▶ **Records for this task**:

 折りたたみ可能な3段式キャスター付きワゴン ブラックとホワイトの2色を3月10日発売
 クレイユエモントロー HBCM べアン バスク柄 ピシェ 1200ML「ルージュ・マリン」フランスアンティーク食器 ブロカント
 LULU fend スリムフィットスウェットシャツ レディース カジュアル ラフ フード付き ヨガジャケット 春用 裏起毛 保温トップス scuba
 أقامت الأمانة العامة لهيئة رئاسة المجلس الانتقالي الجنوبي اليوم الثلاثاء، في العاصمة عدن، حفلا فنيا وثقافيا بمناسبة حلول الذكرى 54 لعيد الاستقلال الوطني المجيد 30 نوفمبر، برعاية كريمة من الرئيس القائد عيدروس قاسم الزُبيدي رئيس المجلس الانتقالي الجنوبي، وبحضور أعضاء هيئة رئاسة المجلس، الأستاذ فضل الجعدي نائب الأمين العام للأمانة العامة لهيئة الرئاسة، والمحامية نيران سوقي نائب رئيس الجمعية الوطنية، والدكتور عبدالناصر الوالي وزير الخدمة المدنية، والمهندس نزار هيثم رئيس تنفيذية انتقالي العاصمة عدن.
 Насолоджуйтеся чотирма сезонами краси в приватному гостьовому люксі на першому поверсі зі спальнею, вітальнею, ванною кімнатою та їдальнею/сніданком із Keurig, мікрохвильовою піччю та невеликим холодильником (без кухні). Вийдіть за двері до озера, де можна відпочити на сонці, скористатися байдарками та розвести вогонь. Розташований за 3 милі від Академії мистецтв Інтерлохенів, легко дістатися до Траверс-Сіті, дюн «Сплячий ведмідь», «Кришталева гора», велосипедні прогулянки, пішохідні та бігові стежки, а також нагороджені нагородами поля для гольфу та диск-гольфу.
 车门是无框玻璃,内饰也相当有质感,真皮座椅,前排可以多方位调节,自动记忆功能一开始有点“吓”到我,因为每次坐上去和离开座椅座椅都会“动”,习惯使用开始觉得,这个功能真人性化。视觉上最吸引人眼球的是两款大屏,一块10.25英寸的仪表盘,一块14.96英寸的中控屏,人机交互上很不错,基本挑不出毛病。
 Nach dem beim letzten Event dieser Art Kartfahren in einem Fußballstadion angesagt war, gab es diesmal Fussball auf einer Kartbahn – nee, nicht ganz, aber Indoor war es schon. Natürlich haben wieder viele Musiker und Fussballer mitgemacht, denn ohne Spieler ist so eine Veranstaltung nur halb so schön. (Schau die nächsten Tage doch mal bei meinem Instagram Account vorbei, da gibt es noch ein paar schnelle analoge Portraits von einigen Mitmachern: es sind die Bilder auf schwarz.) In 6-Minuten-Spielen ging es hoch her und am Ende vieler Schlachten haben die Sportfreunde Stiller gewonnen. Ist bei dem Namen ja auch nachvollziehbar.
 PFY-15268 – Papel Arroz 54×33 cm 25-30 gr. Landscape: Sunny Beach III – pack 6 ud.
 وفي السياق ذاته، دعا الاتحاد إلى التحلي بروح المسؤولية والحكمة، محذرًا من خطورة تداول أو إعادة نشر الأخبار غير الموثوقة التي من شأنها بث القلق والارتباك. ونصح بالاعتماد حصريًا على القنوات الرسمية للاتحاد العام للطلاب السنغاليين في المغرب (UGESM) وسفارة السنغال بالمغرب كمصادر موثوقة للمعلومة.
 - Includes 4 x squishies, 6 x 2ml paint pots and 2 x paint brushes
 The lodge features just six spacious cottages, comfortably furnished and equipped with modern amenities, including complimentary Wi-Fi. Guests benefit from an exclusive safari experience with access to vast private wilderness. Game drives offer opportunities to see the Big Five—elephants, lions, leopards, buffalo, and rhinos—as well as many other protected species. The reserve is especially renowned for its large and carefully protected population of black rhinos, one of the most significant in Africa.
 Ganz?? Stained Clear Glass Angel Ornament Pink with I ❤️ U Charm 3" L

▶ **What the task asks**: Starting at the first line of the listing, retype every line up to and including the one with "车门是无框玻璃,内饰也相当有".

▶ **Response**:
 折りたたみ可能な3段式キャスター付きワゴン ブラックとホワイトの2色を3月10日発売
 クレイユエモントロー HBCM べアン バスク柄 ピシェ 1200ML「ルージュ・マリン」フランスアンティーク食器 ブロカント
 LULU fend スリムフィットスウェットシャツ レディース カジュアル ラフ フード付き ヨガジャケット 春用 裏起毛 保温トップス scuba
 أقامت الأمانة العامة لهيئة رئاسة المجلس الانتقالي الجنوبي اليوم الثلاثاء، في العاصمة عدن، حفلا فنيا وثقافيا بمناسبة حلول الذكرى 54 لعيد الاستقلال الوطني المجيد 30 نوفمبر، برعاية كريمة من الرئيس القائد عيدروس قاسم الزُبيدي رئيس المجلس الانتقالي الجنوبي، وبحضور أعضاء هيئة رئاسة المجلس، الأستاذ فضل الجعدي نائب الأمين العام للأمانة العامة لهيئة الرئاسة، والمحامية نيران سوقي نائب رئيس الجمعية الوطنية، والدكتور عبدالناصر الوالي وزير الخدمة المدنية، والمهندس نزار هيثم رئيس تنفيذية انتقالي العاصمة عدن.
 Насолоджуйтеся чотирма сезонами краси в приватному гостьовому люксі на першому поверсі зі спальнею, вітальнею, ванною кімнатою та їдальнею/сніданком із Keurig, мікрохвильовою піччю та невеликим холодильником (без кухні). Вийдіть за двері до озера, де можна відпочити на сонці, скористатися байдарками та розвести вогонь. Розташований за 3 милі від Академії мистецтв Інтерлохенів, легко дістатися до Траверс-Сіті, дюн «Сплячий ведмідь», «Кришталева гора», велосипедні прогулянки, пішохідні та бігові стежки, а також нагороджені нагородами поля для гольфу та диск-гольфу.
 车门是无框玻璃,内饰也相当有质感,真皮座椅,前排可以多方位调节,自动记忆功能一开始有点“吓”到我,因为每次坐上去和离开座椅座椅都会“动”,习惯使用开始觉得,这个功能真人性化。视觉上最吸引人眼球的是两款大屏,一块10.25英寸的仪表盘,一块14.96英寸的中控屏,人机交互上很不错,基本挑不出毛病。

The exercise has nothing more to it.